また、並行してフォニックス(Phonics)の本を買ってきて一冊読みましょう。

フォニックスというのは英語圏では幼稚園〜小学校1年生あたりで必ず教えらえる、スペルと発音を関連づけるルールです。本当はローマ字なんて一切やらずに、最初からフォニックスだけをやれば十分なんです。オンラインの先生に発音の手本をやってもらってもいいでしょう。

翻訳癖は害しかありません

なお、会話では遅くても2秒以内で返事をすることを心がけてください。会話の相手を待たせるのは失礼なことです。中には文法を考えて、頭のなかでグルグル考えて5秒も6秒も相手も待たせる人がいます。その時間だけ相手を苛立たせているんです。

これだけ聞くとバカバカしいヨタ話のように感じる人もいるかもしれませんが、僕らの頭の中には文法やら構文やらカタカナ英語やらローマ字やらが詰まっていて、子供のように素直に話すという実に簡単なことができないのです。

本当に、翻訳癖というのは害しかありません。

日常会話の8割くらいは中学英語で間に合います。ところが僕らの頭の中には英語を英語のまま引き出す回路が一切できておらず、その代わりに日本語とペアにして憶えた英単語や構文や文法などを用いた、実に効率の悪い翻訳回路が出来上がっています。
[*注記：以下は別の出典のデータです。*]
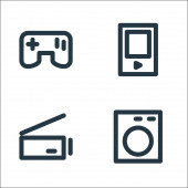 Zdjęcie "ikony linii elektroniki. zestaw liniowy. wysokiej jakości zestaw linii wektorowych, takich jak suszarka do włosów, smartfon, odtwarzacz muzyczny, klimatyzator, telewizor, pulpit, klawiatura fortepianu, pilot zdalnego sterowania" może być wykorzystywane do celów osobistych i komercyjnych zgodnie z warunkami zakupionej licencji Royalty-free. Obraz jest dostępny do pobrania w jakości wysokiej rozdzielczości do 5760x3840.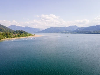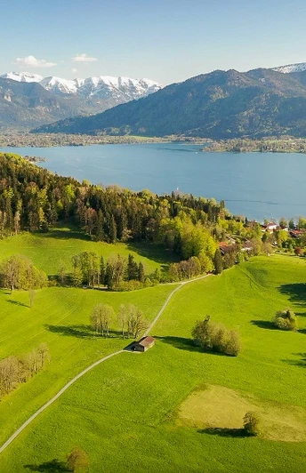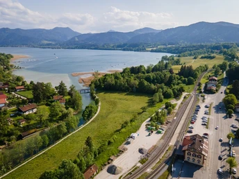 Arrive, catch your breath, look around and enjoy: The Gmund station is located directly on the lake, so first you absorb the atmosphere before setting off via the Mangfall bridge and the idyllic hamlet of Gasse to the Tegernsee Höhenweg. Just before reaching the Höhenweg, in Oberbuchberg the first stop awaits with the unique café in the over 300-year-old Oberbuchbergerhof (note opening hours): fresh cakes, spelt bread, spreads – all homemade and served in the small, romantic garden. In Unterbuchberg finally begins the wide Höhenweg, which leads with gentle ups and downs over 4 kilometers to Tegernsee – it meanders through the forest, repeatedly presents grand views of the lake and mountain landscape, and offers many resting places.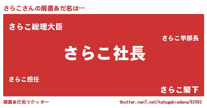 | ヒーロー風カッコイイあだ名 | 『スーパーサラコ』『ウルトラさらこマン』 |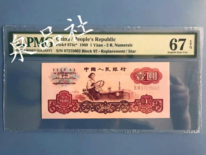 Xiaotaohong Make -два римских трактора один юани пять -звездочные водяные знаки PMG67, третий набор 1 юаней 1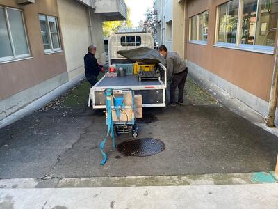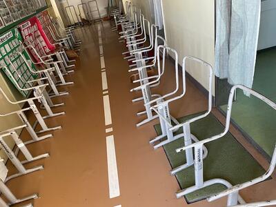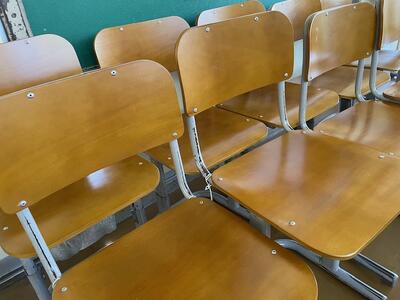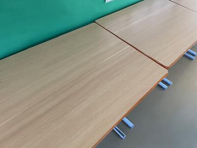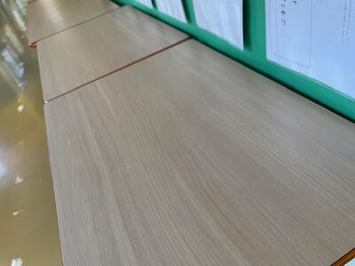 25日(木)、26日(金)の2日間で、机の天板と、椅子の背板、座面の張替作業を業者の方に行っていただいています。ありがとうございます。市の予算の関係で、痛みが大きい物のみの限られた対応になってしまいますが、これで、天板に穴が空いていたり、座るとささくれで服が引っかかったりすることはなくなりますね。

このため一流大学を出た人ですら、学会に行くと貝のように押し黙ってしまう、というようなことが起きるのです。中には「英語が流暢なのは母国語が崩壊した発展途上国の連中だろう」なんて言い出す人さえいますが、母国で英語をまったく必要としない中国人や韓国人の研究者の方が、日本人よりずっと流暢に話します。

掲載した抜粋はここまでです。